After harvest, the plants were cured and tested for final trimmed flower weight, terpene, and THC concentrations. Lab analysis found no significant differences between the different flushing treatments for flower yield, THC potency, or terpene content.

Samples of cannabis flower that had been subjected to the various flushing times were also distributed to cannabis industry experts so they could rate them on smoking characteristics and flavor. Stephanie Wedryk, Ph.D., the director of research and development at RX Green Technologies, says she wasn’t sure what the outcome of the experiment would be.

“I did not know what to expect going into this,” says Wedryk. “I had talked to some growers I know and all of them had experience with testing flush times and not flushing and all of them only had negative experiences when they did not flush.”

*Flushing Shows No Benefit
*
But when the data from the blind tests were analyzed, the researchers discovered that the participants tended to prefer the taste of the flower that had not been flushed at all, although overall, the duration of the flushing period had no impact on flavor, smoothness of smoke, or color of ash.
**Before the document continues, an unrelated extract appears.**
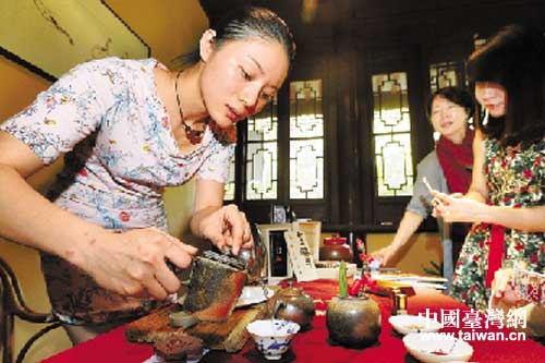 中國臺灣網(wǎng)5月12日杭州消息 喝茶,是一種大眾生活方式,而在浙江連橫紀(jì)念館話茶,則更有一番兩岸文化交流的情趣。日前,以“不語茶,可會心”為主題瑪瑙雅集之茶養(yǎng)生活動在瑪瑙寺連橫紀(jì)念館舉行,旇а偶鳛2014第十屆中國(杭州)國際名茶博覽會重要活動之一,將新穎獨(dú)特的臺灣茶文化靜靜融入每一位茶文化愛好者的生活,以精致、生活、創(chuàng)意的視角促進(jìn)兩岸茶文化交流。

In the results of the study, RX Green Technologies wrote that the trial indicates that “there is no benefit to flushing Cannabis flower for improved taste or consumer experience.”

Wedryk says that while she doesn’t think that cultivators should overhaul their practices based on one trial, she does believe that growers should be open to trying new things.

“I would definitely recommend that growers play around and find what works best for them. I talked to a grower at the event who doesn’t flush and he’s perfectly happy with his product,” explains Wedryk. “Everybody has their own unique system and there are so many different components that go into growing. What works for one grower because of their unique set of circumstances might not work for the other grower.”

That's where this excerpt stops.